Assessment of underlying etiology and cardiac sympathetic innervation to identify patients at high risk of cardiac death.

UNLABELLED: Cardiac (123)I-labeled metaiodobenzylguanidine (MIBG) activity has significant incremental prognostic value, but the difference between the long-term prognostic value of MIBG imaging for ischemic cardiomyopathies and the long-term prognostic value of MIBG imaging for idiopathic cardiomyopathies is not clear. This study aimed to determine whether assessment of cardiac (123)I-MIBG activities in ischemic and idiopathic cardiomyopathies have equally prognostic values and whether the kinetics are different because of the underlying etiologies.
METHODS: After quantitative (123)I-MIBG imaging, 76 ischemic and 56 idiopathic cardiomyopathy patients were prospectively followed up for 54 mo. In addition to conventional parameters, cardiac (123)I-MIBG activity was quantified as a heart-to-mediastinum ratio (H/M) for early and late images and the washout kinetics were calculated using tomographic imaging. The data were compared with those obtained from 16 healthy volunteers.

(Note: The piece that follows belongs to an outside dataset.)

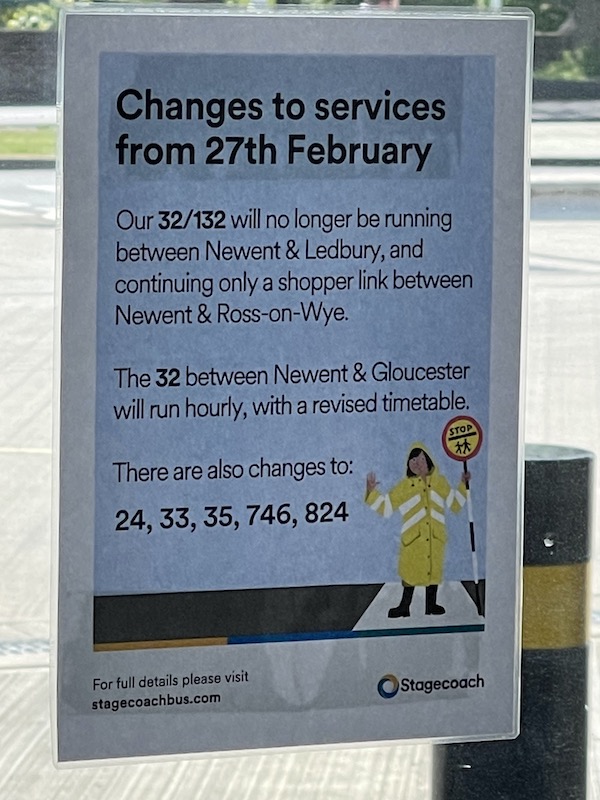 The 35 to Ross has been through a few hands over time but came with the Dukes business to Stagecoach. The 33 from Ross to Gloucester starts from Hereford and historically was the 538 operated jointly by Red & White (Ross) and Bristol Omnibus (Gloucester).

RESULTS: During follow-up, 29 deaths from heart failure, 11 sudden cardiac deaths, 2 deaths from arrhythmia, and 5 deaths from acute myocardial infarction were documented. Multivariate discriminant analysis using the Cox proportional hazards model showed that, in comparison with other variables, late H/M was the most powerful independent predictor of a lethal clinical outcome in ischemic (Wald chi(2) = 18.6502; P = 0.0000) and idiopathic (Wald chi(2) = 5.3394; P = 0.0208) groups. When patients with left ventricular ejection fraction (LVEF) < 40% were considered, late H/M had the greatest statistical power in both groups. Kaplan-Meier analysis showed late H/M to have an identical threshold (1.82) for both groups for identifying patients at risk of cardiac death. Likewise, when analysis was restricted to patients with an LVEF < 40%, the upper cutoff value of late H/M was 1.50 (P = 0.0358; log rank = 4.41) for ischemic patients and 2.02 (P = 0.0050; log rank = 7.86) for idiopathic patients. For patients with an LVEF < 40% and a late H/M less than the identified threshold of late H/M, the annual rate of cardiac death was greatest, 18.2%/y for the ischemic group and 11.9%/y for the idiopathic group.
CONCLUSION: Cardiac (123)I-MIBG activity has the most powerful independent long-term prognostic value for both ischemic cardiomyopathy patients and idiopathic cardiomyopathy patients, indicating that both disease processes have common pathophysiologic and prognostic implications of impaired cardiac sympathetic innervation. Although combined testing of cardiac function and (123)I-MIBG activity is most likely to identify patients at increased risk of cardiac death, the underlying etiology of cardiac dysfunction may affect the threshold of (123)I-MIBG activity for the differentiation of high-risk patients.